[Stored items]
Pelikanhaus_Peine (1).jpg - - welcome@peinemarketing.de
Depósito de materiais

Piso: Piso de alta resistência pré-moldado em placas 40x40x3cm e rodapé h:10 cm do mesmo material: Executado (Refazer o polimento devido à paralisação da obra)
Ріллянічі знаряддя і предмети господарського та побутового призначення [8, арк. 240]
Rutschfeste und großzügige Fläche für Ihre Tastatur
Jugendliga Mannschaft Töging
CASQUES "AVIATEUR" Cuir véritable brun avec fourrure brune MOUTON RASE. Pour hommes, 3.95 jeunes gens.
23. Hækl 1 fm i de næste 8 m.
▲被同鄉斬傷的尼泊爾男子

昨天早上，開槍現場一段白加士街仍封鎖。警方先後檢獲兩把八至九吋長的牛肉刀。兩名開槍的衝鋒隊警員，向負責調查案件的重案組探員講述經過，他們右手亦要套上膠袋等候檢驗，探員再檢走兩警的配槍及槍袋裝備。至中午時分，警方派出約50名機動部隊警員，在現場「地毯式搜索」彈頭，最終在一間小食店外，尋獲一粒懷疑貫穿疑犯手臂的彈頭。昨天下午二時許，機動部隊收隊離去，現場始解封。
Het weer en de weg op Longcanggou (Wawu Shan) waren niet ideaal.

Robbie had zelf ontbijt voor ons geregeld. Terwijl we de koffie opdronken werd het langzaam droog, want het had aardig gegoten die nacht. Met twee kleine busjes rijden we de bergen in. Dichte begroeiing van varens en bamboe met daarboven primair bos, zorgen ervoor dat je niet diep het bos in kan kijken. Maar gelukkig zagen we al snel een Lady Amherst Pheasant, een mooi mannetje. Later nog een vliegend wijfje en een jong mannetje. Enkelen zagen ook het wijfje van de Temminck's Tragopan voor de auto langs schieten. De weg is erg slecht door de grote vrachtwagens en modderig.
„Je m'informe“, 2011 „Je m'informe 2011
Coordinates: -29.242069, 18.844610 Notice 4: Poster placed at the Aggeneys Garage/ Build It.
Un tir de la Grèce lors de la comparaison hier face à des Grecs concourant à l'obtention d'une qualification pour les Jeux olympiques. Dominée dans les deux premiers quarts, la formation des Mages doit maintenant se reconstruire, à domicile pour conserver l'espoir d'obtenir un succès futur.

* * *

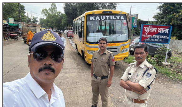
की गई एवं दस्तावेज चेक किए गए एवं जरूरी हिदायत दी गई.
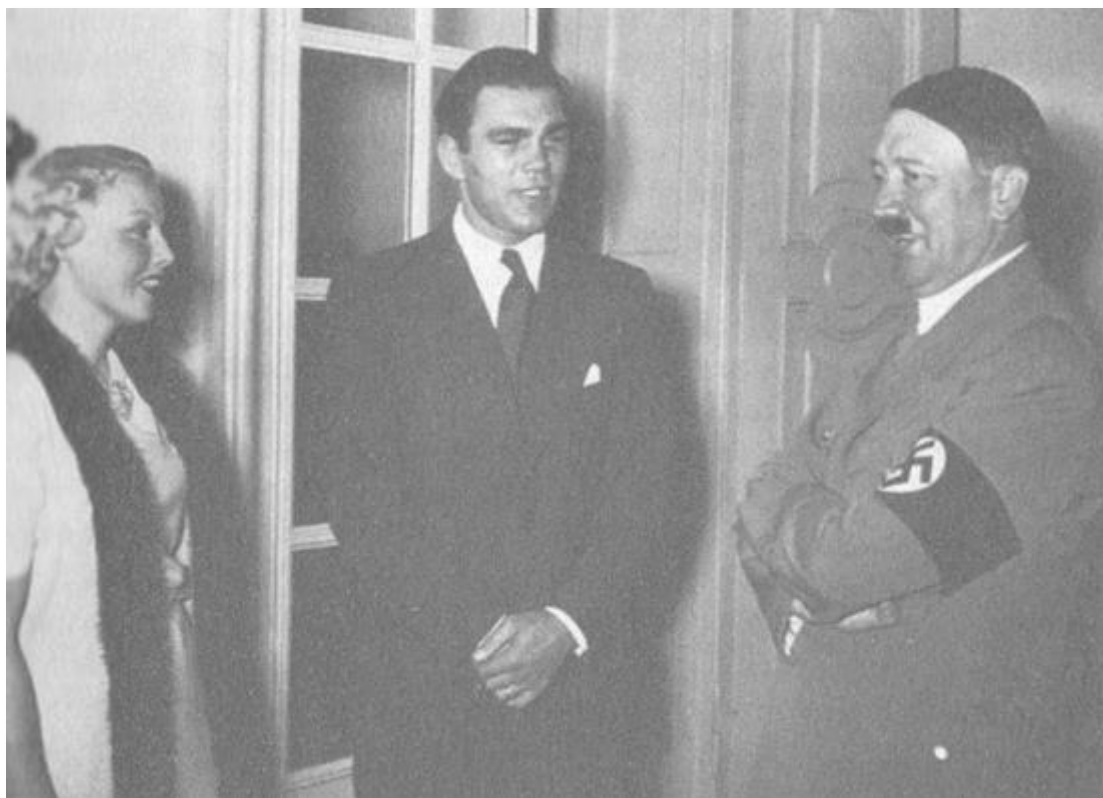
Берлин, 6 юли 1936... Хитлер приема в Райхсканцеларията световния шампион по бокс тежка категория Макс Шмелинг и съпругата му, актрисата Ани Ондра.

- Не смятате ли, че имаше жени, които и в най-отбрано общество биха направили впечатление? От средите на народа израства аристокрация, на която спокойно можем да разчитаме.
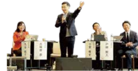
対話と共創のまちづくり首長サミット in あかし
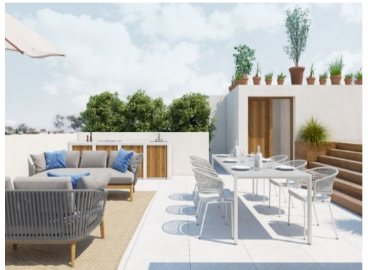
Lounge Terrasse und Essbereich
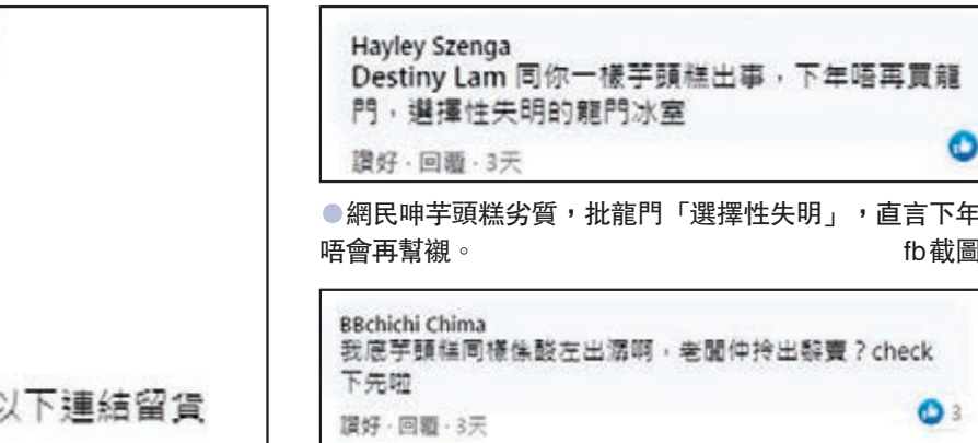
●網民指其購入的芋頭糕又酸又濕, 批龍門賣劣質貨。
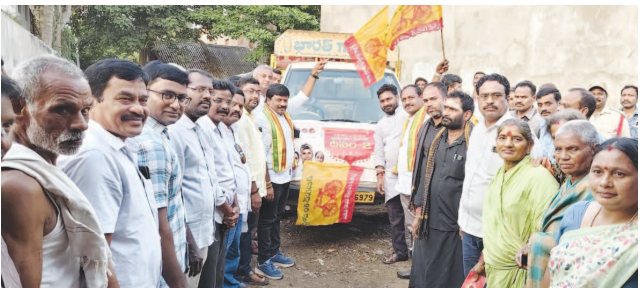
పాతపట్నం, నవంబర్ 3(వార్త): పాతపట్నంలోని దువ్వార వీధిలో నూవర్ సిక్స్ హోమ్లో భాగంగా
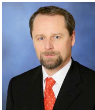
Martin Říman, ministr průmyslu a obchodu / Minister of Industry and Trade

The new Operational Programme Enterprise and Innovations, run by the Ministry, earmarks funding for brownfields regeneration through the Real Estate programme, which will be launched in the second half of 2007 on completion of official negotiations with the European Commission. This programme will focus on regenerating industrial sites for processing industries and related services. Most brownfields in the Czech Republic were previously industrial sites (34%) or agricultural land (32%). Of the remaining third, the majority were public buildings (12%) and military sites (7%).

---

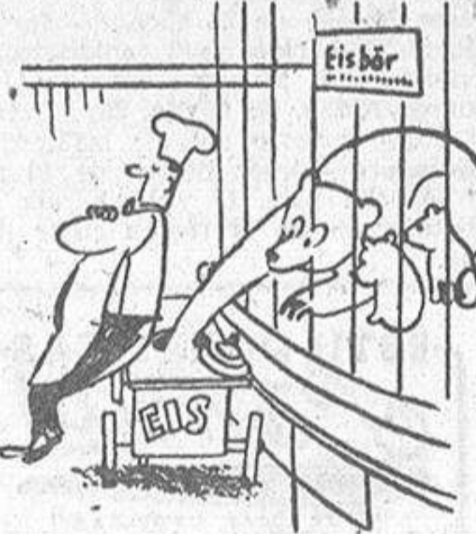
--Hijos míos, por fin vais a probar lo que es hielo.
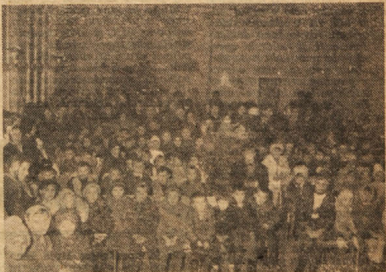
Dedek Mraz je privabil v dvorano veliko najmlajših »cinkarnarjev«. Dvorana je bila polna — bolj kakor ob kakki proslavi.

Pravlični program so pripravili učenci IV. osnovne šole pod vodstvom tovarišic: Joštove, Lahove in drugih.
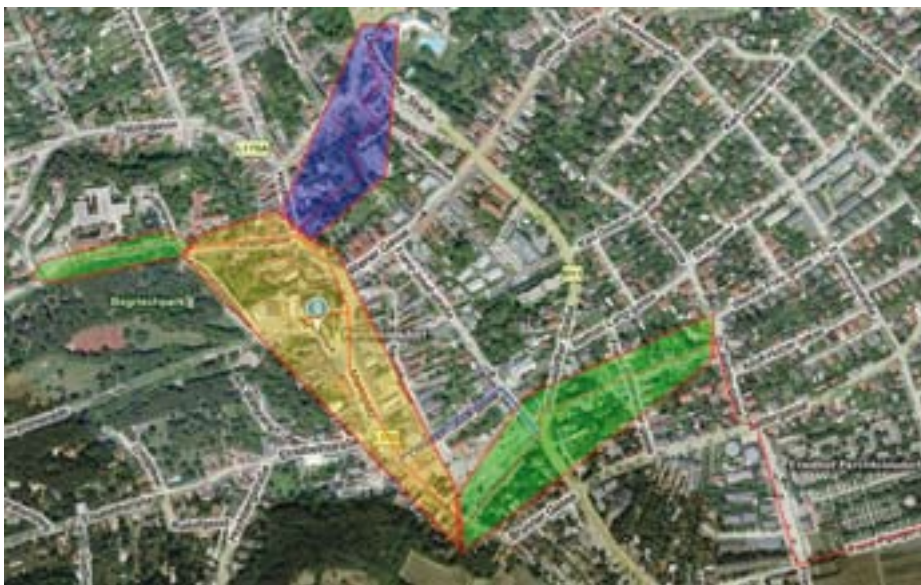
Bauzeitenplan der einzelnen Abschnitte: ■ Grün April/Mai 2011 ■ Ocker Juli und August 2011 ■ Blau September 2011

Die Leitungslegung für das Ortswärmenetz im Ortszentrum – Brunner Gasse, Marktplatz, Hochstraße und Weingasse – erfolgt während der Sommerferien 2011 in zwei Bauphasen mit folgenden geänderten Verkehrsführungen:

■ What to produce
Extract all lines of the records above that include "niet".

■ Result of this exercise
Het weer en de weg op Longcanggou (Wawu Shan) waren niet ideaal.
Robbie had zelf ontbijt voor ons geregeld. Terwijl we de koffie opdronken werd het langzaam droog, want het had aardig gegoten die nacht. Met twee kleine busjes rijden we de bergen in. Dichte begroeiing van varens en bamboe met daarboven primair bos, zorgen ervoor dat je niet diep het bos in kan kijken. Maar gelukkig zagen we al snel een Lady Amherst Pheasant, een mooi mannetje. Later nog een vliegend wijfje en een jong mannetje. Enkelen zagen ook het wijfje van de Temminck's Tragopan voor de auto langs schieten. De weg is erg slecht door de grote vrachtwagens en modderig.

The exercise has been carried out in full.